Q: Were you able to enjoy some quality time with Scottie and Marly after the birth?
A: This is another reason iQmetrix is such a great place to work. I was able to take a couple of months off at the tail end of Marly’s maternity leave as parental leave. Added to that, iQmetrix offers every employee a seven-week paid sabbatical for every seven years of service, and mine came up at near the beginning of my wife’s mat leave. So we were able to go off travelling with Scottie, who was only three months old at the time. We spent time in Costa Rica, where my in-laws have a place, as well as at my parents’ winter home in Arizona, and also in Calgary, where it all began. We were very fortunate to have that time together. Plus, shortly after Marly’s maternity leave ended, the pandemic began, and we were all home together anyways.
Q: What happened with the other three embryos that were frozen?

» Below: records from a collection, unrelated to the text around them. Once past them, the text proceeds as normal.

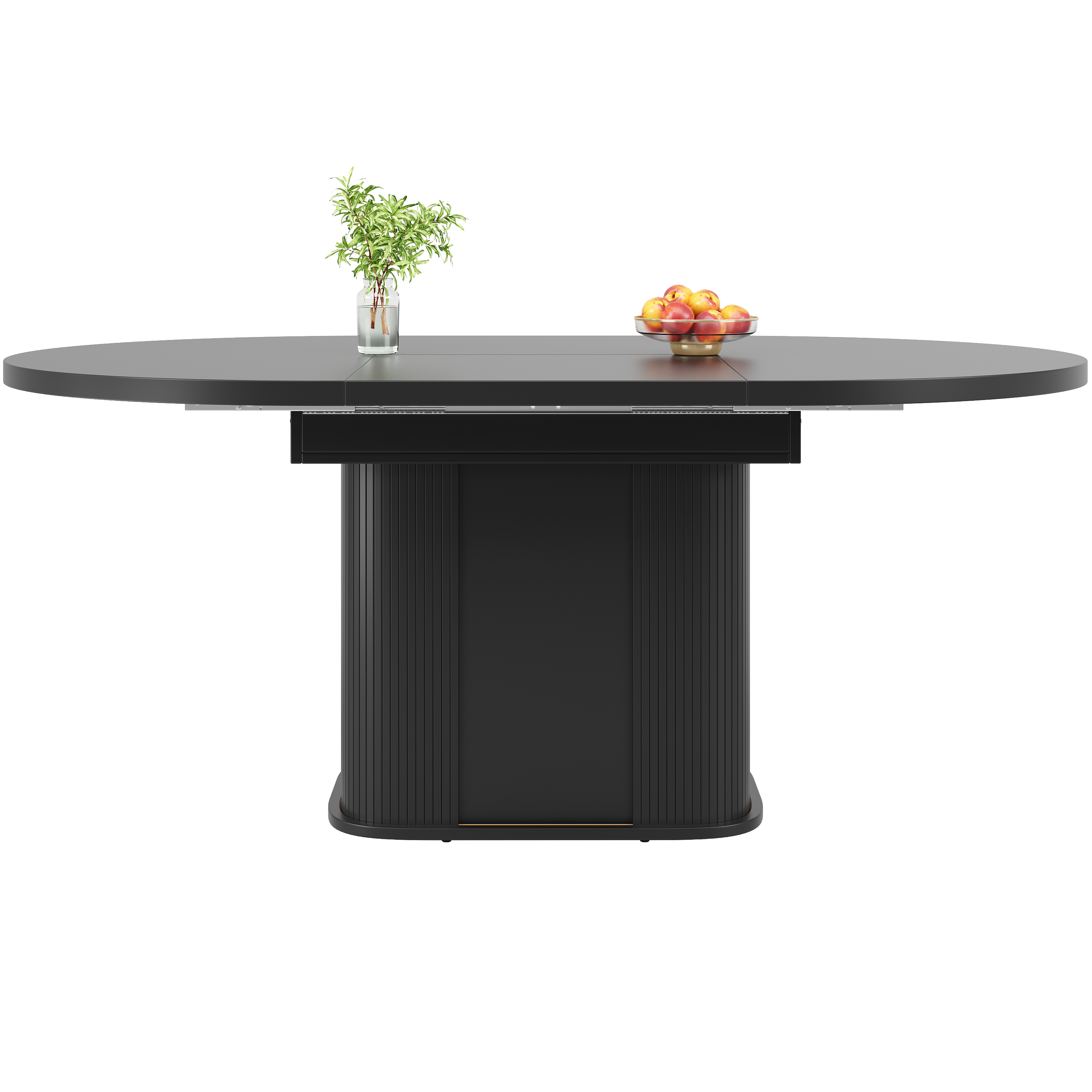 Product Name:Extendable dining table, dining room table, kitchen table, round dining table, extends to oval, 118-158 cm, seats up to 6 people, three-tier storage, black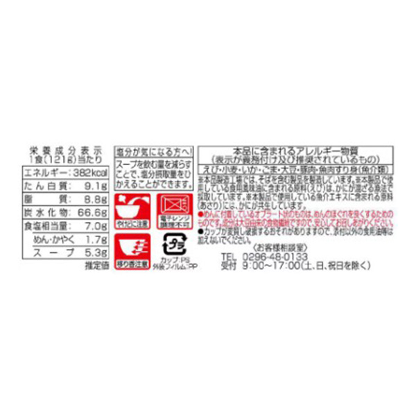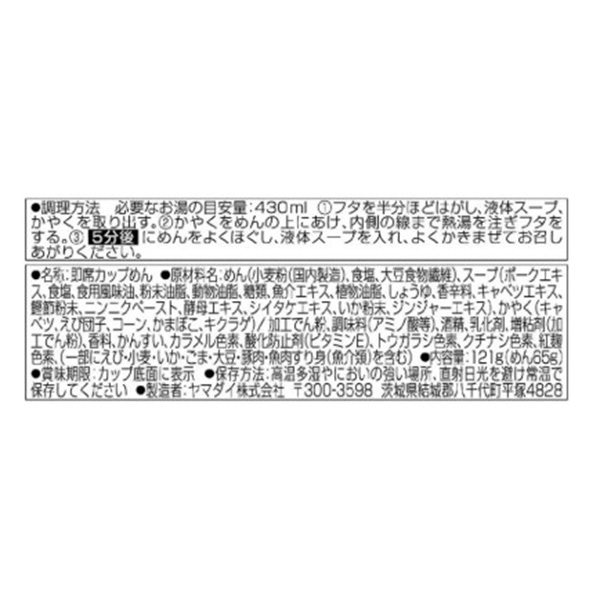 | 個装形態 | カップ入り(17.5×17.5×7.8cm) |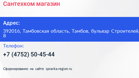 Сантехком, магазин по адресу 392016, Тамбовская область, Тамбов, бульвар Строителей, 8 в дальнейшем Организация, размещена в следующих категориях: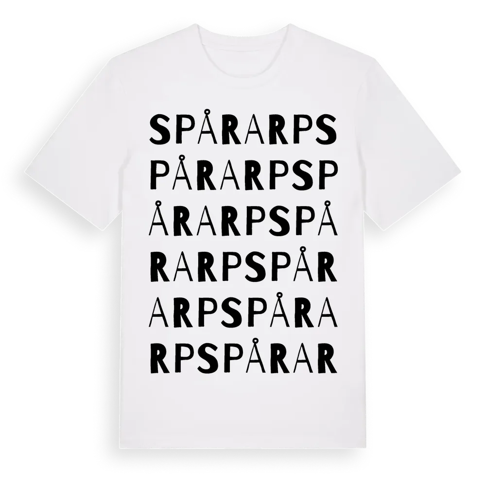 Spårarp ordlek t-shirt är inspirerad av Spårarp i Jönköpings län, Sverige. Tröjan är designad för dig som har en speciell koppling till platsen – oavsett om du bor här, har rötterna här eller bara älskar Spårarp.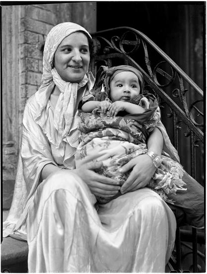 [Woman braiding a girl's hair as a younger girl holds a doll.]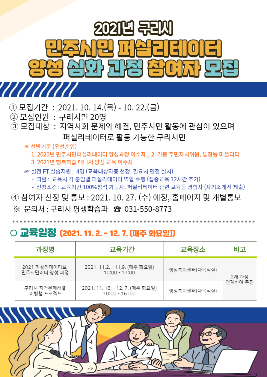 | 2021 구리시 민주시민 퍼실리테이터 양성 심화 과정 참여자 모집 | |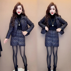 2024秋冬新款时尚简约百搭棉服套装女休闲短外套别致短裙两件套潮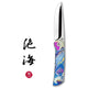 But there's more. You'll notice fine textured patterns on the handle. It not only enhance the unique texture of the design but also significantly improve the comfort and grip of the handle. The existence of these patterns poses unprecedented challenges to the coloring process, yet our craftsmen, through repeated anodizing steps, have flawlessly rendered these beautiful images on the handles. This is yet another testament to the exceptional craftsmanship of KATSU KNIVES.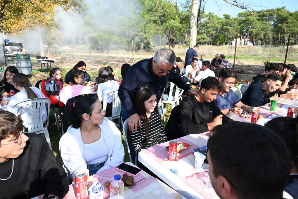 Başkan Topaloğlu daha sonra öğrencilerle tek tek selamlaşarak sohbet etti. Öğrencilerin bir ihtiyacı olup olmadığını soran Başkan Topaloğlu, mangalın başına geçerek öğrencilere köfte ve sucuk pişirerek, ikramda bulundu.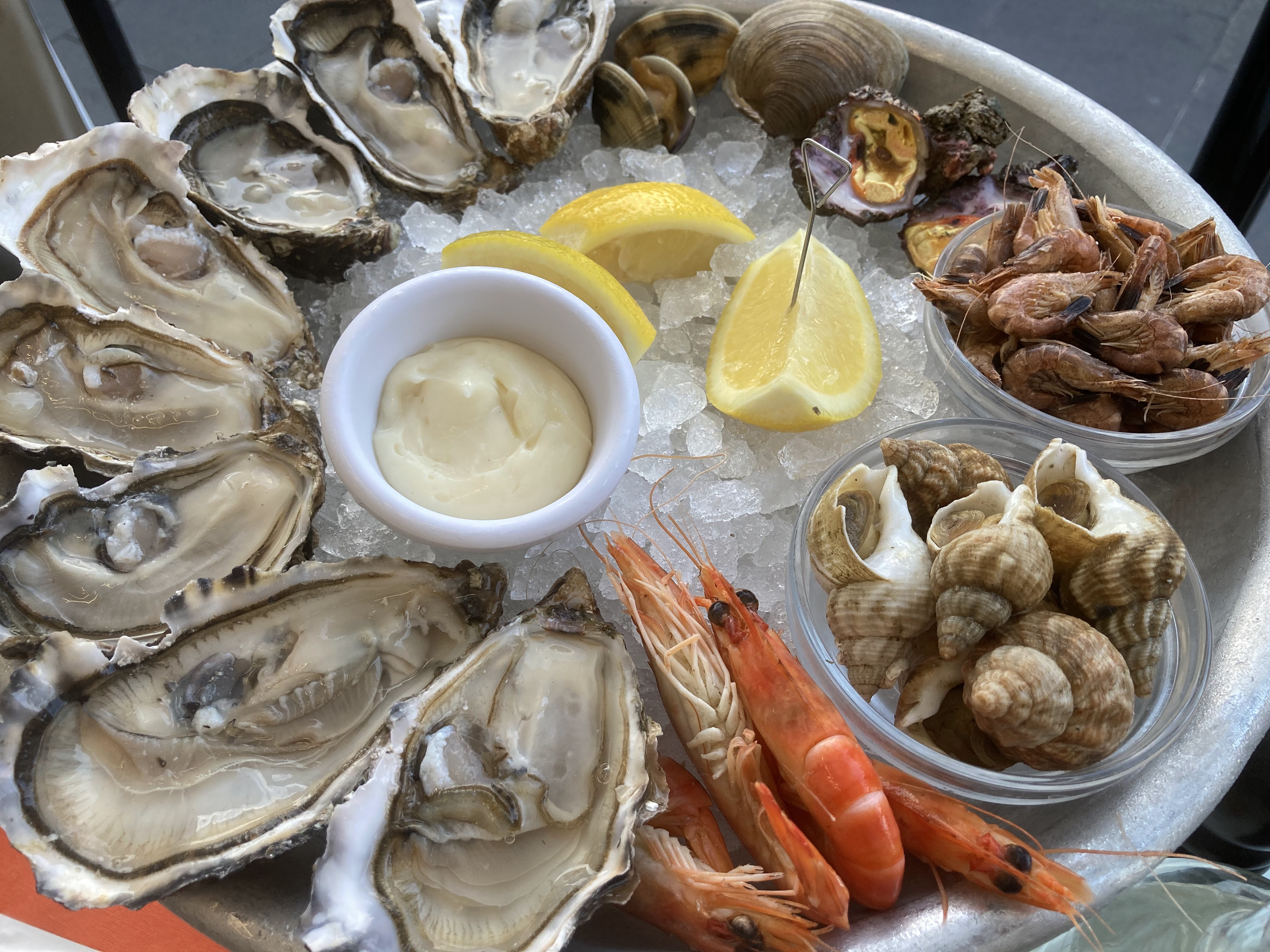 Très bon plateau de fruits de mer frais et appétissant et excellent service. Conseillé à qui aime les huitres et coquillages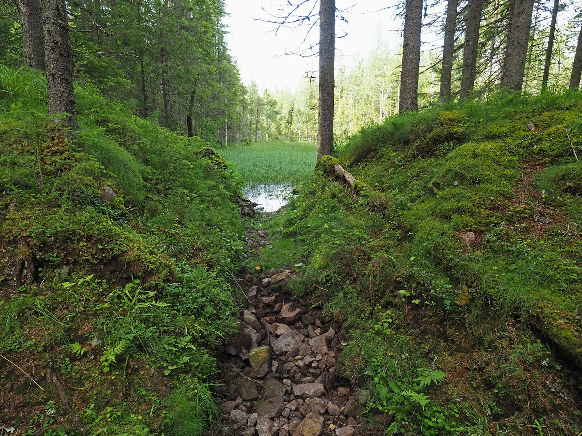 ATTHALDSDEMNING: Kubbdammen var det siste vannmagasinet før Bolchen Træsliberi. Det var en naturlig fordypning i terrenget med største lengde ca. 170 meter og største bredde ca. 125 meter. I syd ble det bygget en atthaldsdemning i jord blandet med stein. Som bildet viser, er den nå ødelagt av erosjon ved flom etter at tresliperiet ble lagt ned. Selve Kubbdammen er nå en nokså bløt og tettvokst myr med et grunt og sivbevokst vann i sydenden.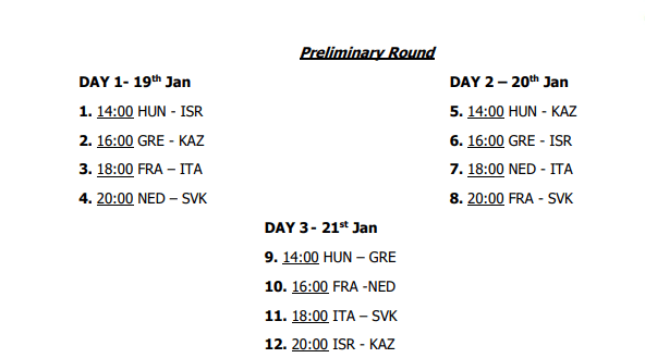 Υπενθυμίζεται ότι στις 19/1 η Ελλάδα δίνει το πρώτο της παιχνίδι με αντίπαλο το Καζακστάν στις 17:00 (Ώρα Ελλάδος) και θέλει να μπει δυναμικά και να βρει ρυθμό, ενώ το νωρίς πρωί της ίδιας ημέρας θα προηγηθεί προπόνηση.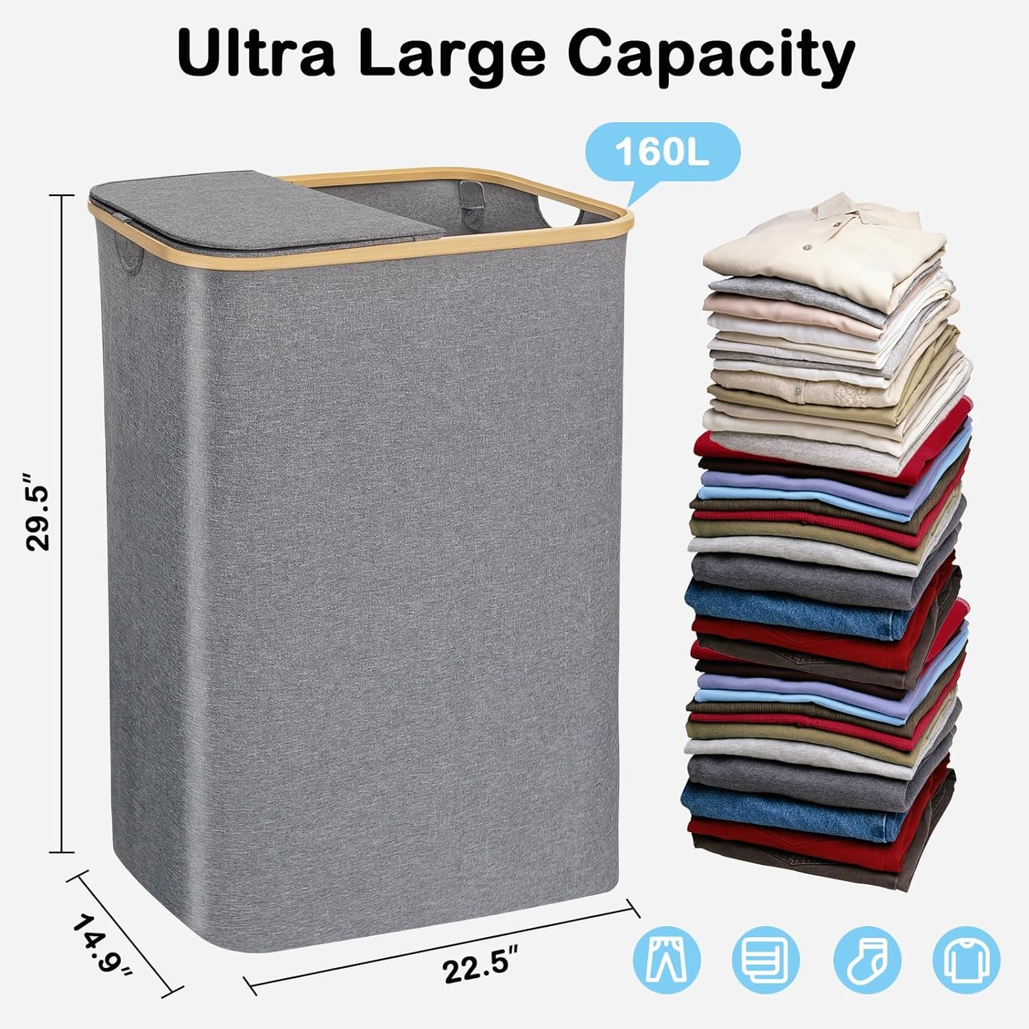 160L large laundry basket with lid and bamboo handle can meet all your needs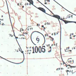 On July 3, a tropical cyclone was spotted, and a pressure of 99.55 kPa (29.40 inHg) was reported. It possibly headed northeast, towards Cape Corrientes, as a tropical cyclone was spotted in that direction on July 6. However, it is possible that these observations were actually of two different tropical cyclones.[1]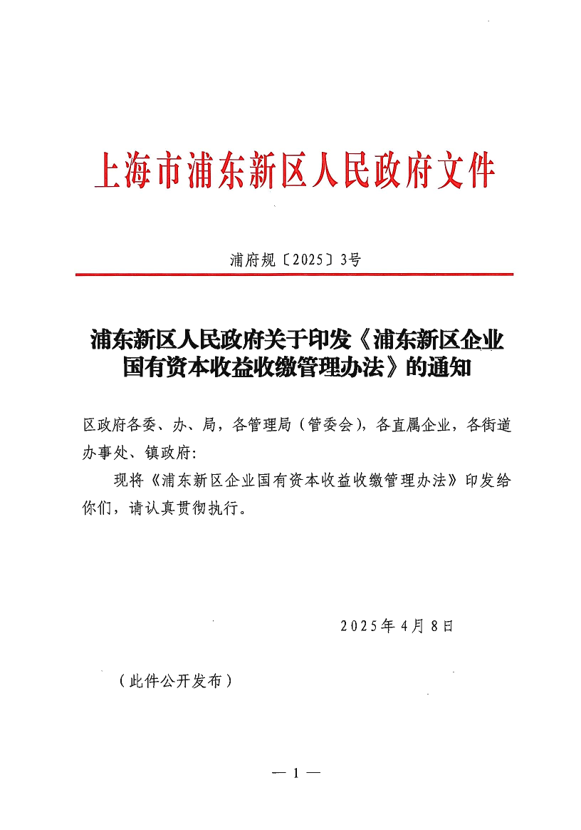 关于印发《浦东新区企业国有资本收益收缴管理办法》的通知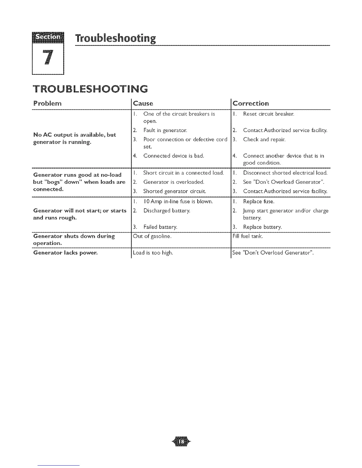 Generator lacks power. Load is too high. See "Don't Overload Generator".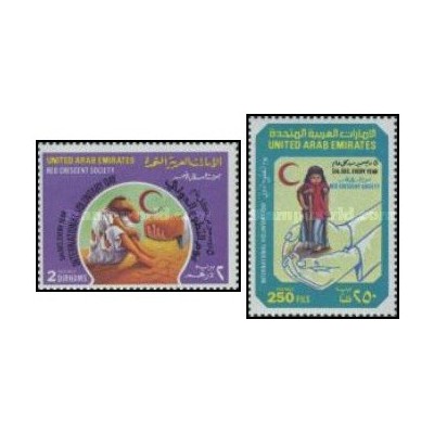 • 2 عدد تمبر روز جهانی داوطلب - هلال احمر - امارات متحده عربی 1989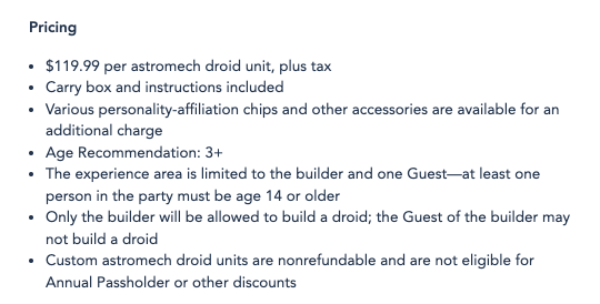 Previously, the build-your-own droid experience at Droid Depot cost $99.99, plus tax. Now, however, the Disney World website notes that the price is $119.99, plus tax.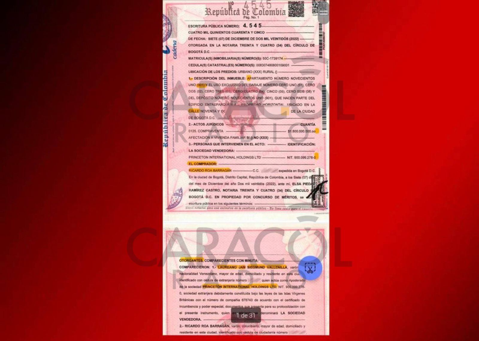 La explicación sobre el negocio del lujoso apartamento 901 está llena de contradicciones. Ricardo Roa aseguró inicialmente que lo había comprado de contado y que el precio pactado fue de 2.500 millones, pero que él consiguió una rebaja por la cantidad de obras necesarias para remodelarlo por el mal estado en que estaba y porque tenía los recursos para pagarlo de contado: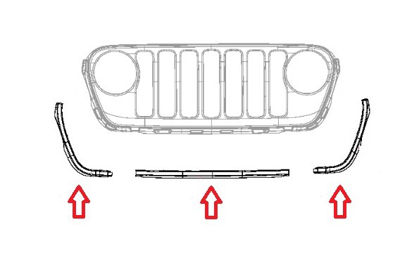 Mopar Grill Surround Moldings for the 2018-2023 Wrangler JL & 2020-2023 Gladiator JTThese three moldings and the mounting hardware are needed to complete the installation of the 82215114 (JL Wrangler) or 82216097 (JT Gladiator) Satin Black Grill on the Sport & Sport S models.The moldings either come unpainted or painted White from Mopar and will need to be painted to match your Jeep before they are installed or they can be used as is.You will need a plastic rivet gun to complete the installation of the moldings onto the grill.Painted White Version – Item # 82216413AAUnpainted Version – Item # JLJTGSM (JLJTGSM kit contains: 6CG98TZZAA, 6BY76TZZAA, 68225214AA (Qty 7) & 6503598 (Qty 2))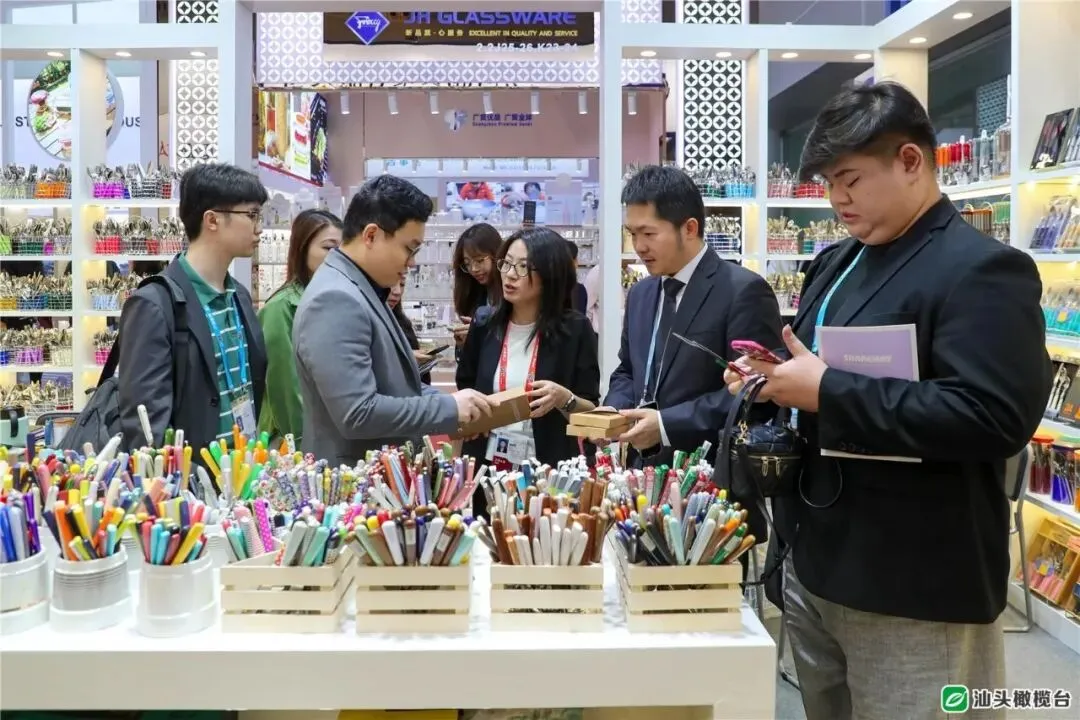 正大团队在几家汕头企业的展位间走走停停。日用塑胶制品展位上,几位采购代表拿起收纳系列样品反复端详,对比不同材质的厚度与手感;几步之外,一家陶瓷企业的台面上,几套新近打样的青花彩瓷餐具被依次摆开,工作人员一边展示一边回应着关于花色定制与交货周期的询问。再往前,几位代表围在工艺家居展区,轮番拿起手工家居饰品细看,一边轻抚纹路一边对照产品说明。整个上午,正大团队在汕头展位间来回穿梭,交谈声、样品摩挲声与展馆的人流声交织在一起。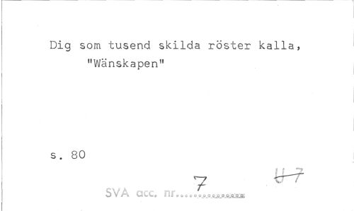 //// Dig som tusend skilda röster kalla, "Wänskapen" //// s, 80 //// ii "f //// y krr //// SVA acc. nr... ////

A: Unfortunately one didn’t make it through the thawing, and then the other two embryos didn’t survive after implantation, which was very sad for us. So that means we won’t be having any more children. But we’re a very happy family of three, and as a smaller family, we’re more mobile. We had a bigger house in Saskatchewan, but being only three of us, we were able to move to a smaller home where we wanted to live, in BC’s Fraser Valley.
We’re very grateful for the support that iQmetrix has given our family. This is a pretty cool place to work.